In recent years however, since Windows 10, Microsoft has doubled down on DirectWrite, improving its rendering and adding some missing features. The Office team agrees apparently (or was forced to agree), and has also supported DirectWrite since Office 2016.

People with high DPI screens may also not see a big problem with DirectWrite, as fonts produced by it can appear smooth in many situations on a high DPI screen. However there are still situations where fonts produced by DirectWrite are inferior to FreeType or Apple fonts even with high DPI, and some people still prefer having the option to use MacType.

DirectWrite vs GDI

One interesting side-effect of DirectWrite, is – unlike GDI – it allows each app to customise how it displays its fonts. This can and does result several apps on the screen all with slightly different text appearance, and is not a good design choice from an OS design perspective. PC screens can present a lot of information at once, and extraneous visual information such as different UI elements, or different fonts, distracts from information that's actually relevant to a user.

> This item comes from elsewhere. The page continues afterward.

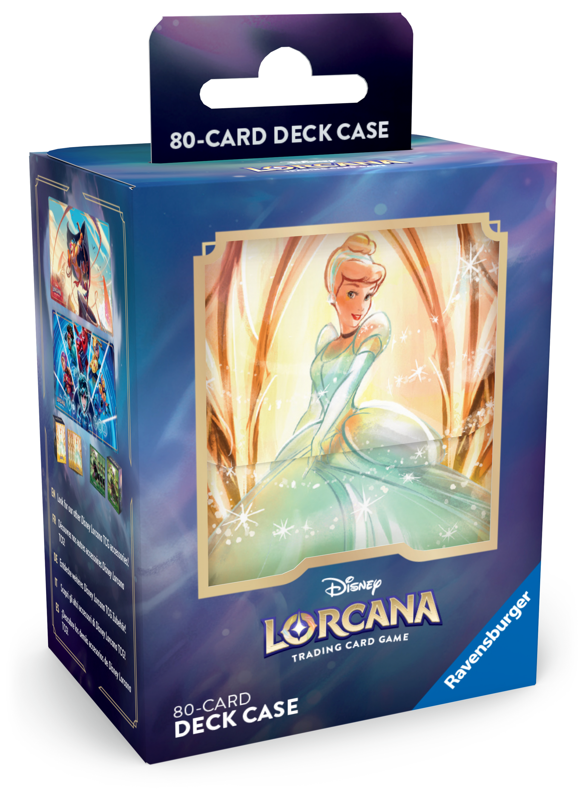 Protégez votre deck de cartes Lorcana avec élégance grâce à la deck box à l'effigie de Cendrillon. Cette boîte de rangement en plastique peut contenir jusqu'à 80 cartes pour une protection optimale lors de vos déplacements ou de vos soirées de jeu.
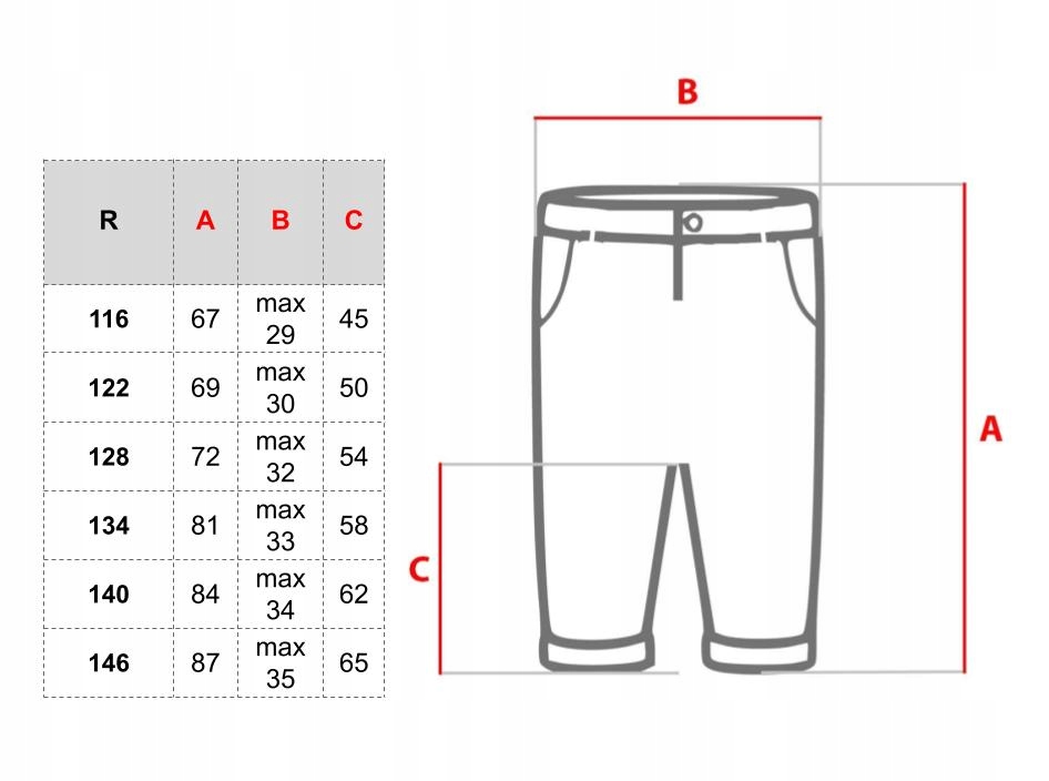 *шириною на талії наведено в таблиці ширина, виміряна плоскою з максимальним розтягуванням; Шорти можна вільно звузити з еластикою всередині

Another way of expressing this problem is; imagine a screen with 20 random colour blocks that serve no purpose: The blocks will likely distract a user from their current task. This is why good interface design attempts to reduce unnecessary visual information and to standardise—to create a common visual language that a user can become accustomed to. It's also why several types of font rendering methods on the same screen is a bad idea. Even if it's not noticed at a conscious level, it's noticed unconsciously by the reticular activating system, which can result in mental fatigue, or other odd side-effects, especially with prolonged use.

We do hope Microsoft continues to improve the visual aspects of DirectWrite to match Apple's or FreeType's rendering and enforce standardisation across apps.

In the meantime however many users prefer to use MacType with apps that support GDI, to attain the higher quality and visually consistent FreeType rendering on Windows.